Dynamical behaviour of electro-mechanical coupled problem

MEMS are very small devices in which electric as well as mechanical dynamics phenomena appear. Because of the microscopic scale, some strong coupling effects between the different physical fields appear, and some forces, which are negligible at macroscopic scales, have to be taken into account. In order to make a good design of these micro-systems, it is important to analyse the coupling between the electrical and mechanical fields. This paper concerns the modelling of the strong electromechanical coupling appearing in micro-electro-mechanical systems (MEMS). The finite element method (FEM) is used to perform dynamical analysis taking into account large mesh displacements. Analysing the vibration of microsystems is a fundamental issues in the design of a broad range of sensors and actuators.

The state of the art currently consists in using staggered procedures to compute quasi-static configurations based on the iteration between a structural model loaded by electrostatic forces and an electrostatic model defined on a domain following the deformation of the structure.

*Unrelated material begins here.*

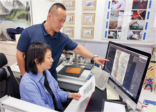 杨志英:让古树成为跨越时空的文化信使 在最初报选题的时候我就对这套邮票很感兴趣,因为树木题材非常适合雕刻版邮票,我就确定了以雕刻版为主的表现形式来设计这套邮票。当时交了两个方案,一个方案是以树木的单雕线条方案配合厚重雅致的底色,纯雕刻线条加古色的底色;一个方案是以淡彩衬托加雕刻线的形式展示。经过邮票专家评审委员会的评审,专家们最终选择了两个方案,其中一个方案就是淡彩的方案,另一个方案是由徐喆老师创作的。最终根据专家们的意见结合集团公司的多方考虑,认为应该将两个方案的优势互相结合。于是,之后我和徐喆老师的创作方案结合,一起设计和完善,各取所长,完成了这套邮票。 这套以古树名木为主题的邮票设计中,结合水墨韵味与雕刻线条的双重艺术语言。形成虚实对比,强化立体感。方寸之间,银杏的灿烂、翠云廊的苍郁、国槐的沧桑、鹅耳枥的坚韧各具神韵。每一株古树都被赋予独特的气质。背景中若隐若现的地理标识,更为这些活化石增添了历史纵深感。暗示古树的历史语境。这套设计既满足了邮票的方寸之美,又通过中国传统艺术语言的当代表现,让古树成为跨越时空的文化信使。 每一套邮票背后都有很多故事,看似简单的呈现,其实背后真的都付出了很多。邮票的呈现就是一个接力的过程,就从我们设计雕刻的角度说,回头看过程稿就有很多版本,颜色的不同、线条走向的不同、构图的不同等等,经过我们自己的调整与完善后,还需要和专家们进行沟通,反复打磨。尤其是鹅耳枥这枚,画了很多遍,十遍肯定是有的,因为我没实地看过,资料很少,还不清晰,树还和其他树混合在一起,难度很大。每一幅既要保证艺术美感,又要符合植物学特征。在邮票图稿公布后,我们也很关注大家的评论,其中一条说四棵树形象都突破了票面边界,其实这是当时设计的一个小心思,面对这些千年古木——或历经沧桑岁月,或体量恢弘壮观,甚至是世间仅存的“地球独子”,我觉得小小邮票很难框住它们的矗立世间的岁月与沧桑,也很难框住它们的枝繁叶茂,所以都画出去了,既是对古树伟岸姿态的致敬,也为观者留下了想象的空间。 同事笑谈我与“古”字题材的缘分,从《中国古镇(四)》到《古树名木》,这些适合雕刻版表现的题材确实让我倍感珍惜。作为邮票雕刻师,能够用刻刀记录这些承载着中华文明印记的古老生命,既是专业优势的体现,更是难得的创作机遇。未来,我仍将继续探索雕刻版邮票的艺术表现力,用方寸之间的精雕细琢,传承更多动人的中国故事。

Staggered iteration then leads to a static equilibrium position. Performing a perturbation analysis around the static equilibrium yields the electromechanical linearized stiffness needed for computing the eigenfrequencies. Obviously, performing the perturbation analysis to evaluate the tangent stiffness for every degree of freedom leads to very high computing costs and therefore onlythe tangent stiffness associated with presumed modes (typically some purely structural modes) are computed. Such a procedure can lead to important inaccuracies for designs where the electrostatic coupling is not quasi-uniform. In our work, we have developed a fully coupled electro-mechanical formulation that allows to find static equilibrium positions in a non-staggered way and which provides fully consistent tangent stiffness matrices for vibration analysis. The efficiency of the approach will be illustrated on modes of micro-electromechanical devices. The results obtained indicate that using this approach pull-in can be computed very accurately and at low computational cost. Also the coupled electromechanical modes obtained in the vicinity of equilibrium positions can be significantly different from the approximations obtained using a structural reduction at forehand. Numerical results are checked against analytical results where appropriate. The formulation developed for the strongly coupled electromechanical problem allows consistent vibration analysis of the system and yields more accurate vibration eigenmodes and frequencies than the classical staggered approaches.

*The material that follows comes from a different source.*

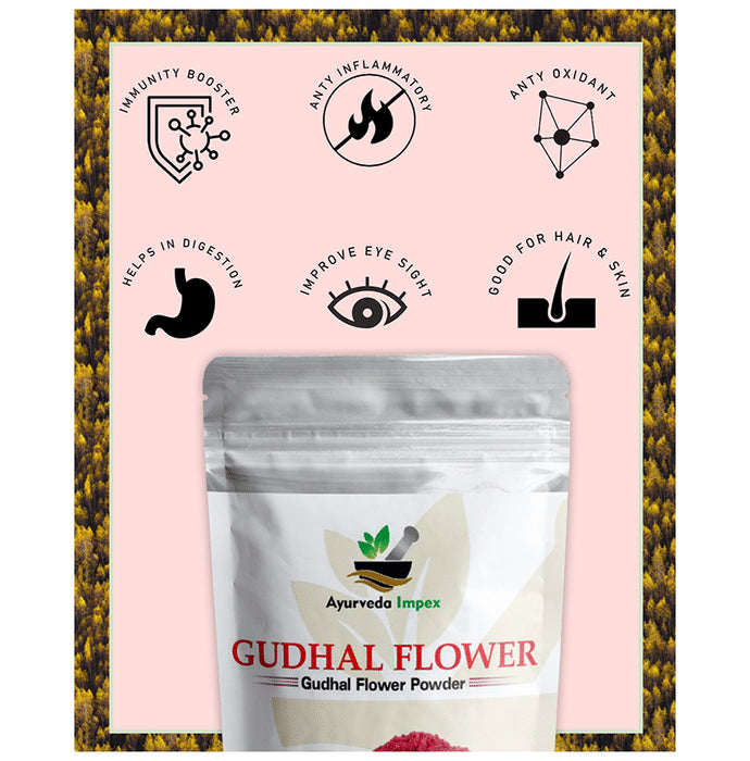 Ayurveda Impex Gudhal Flower PowderAyurveda Impex Gudhal Flower Powder is rich in antioxidants that can help in preventing ageing symptoms and cancer. Hibiscus Rosa Sinensis popularly known as guildhall in North India is a flower having medicinal value and is used in Ayurveda for the same.

A second interest of the coupled tangent matrix is the computation of the dynamical behaviour of the coupled problem when we apply suddenly a voltage to the electrodes. Even under the pull-in voltage, the overshoot of the dynamical response may reduce the distance between the plate so that the electric force becomes dominant and the plates stick together. This phenomenon is called the dynamical pull-in. We will also treat it in this research.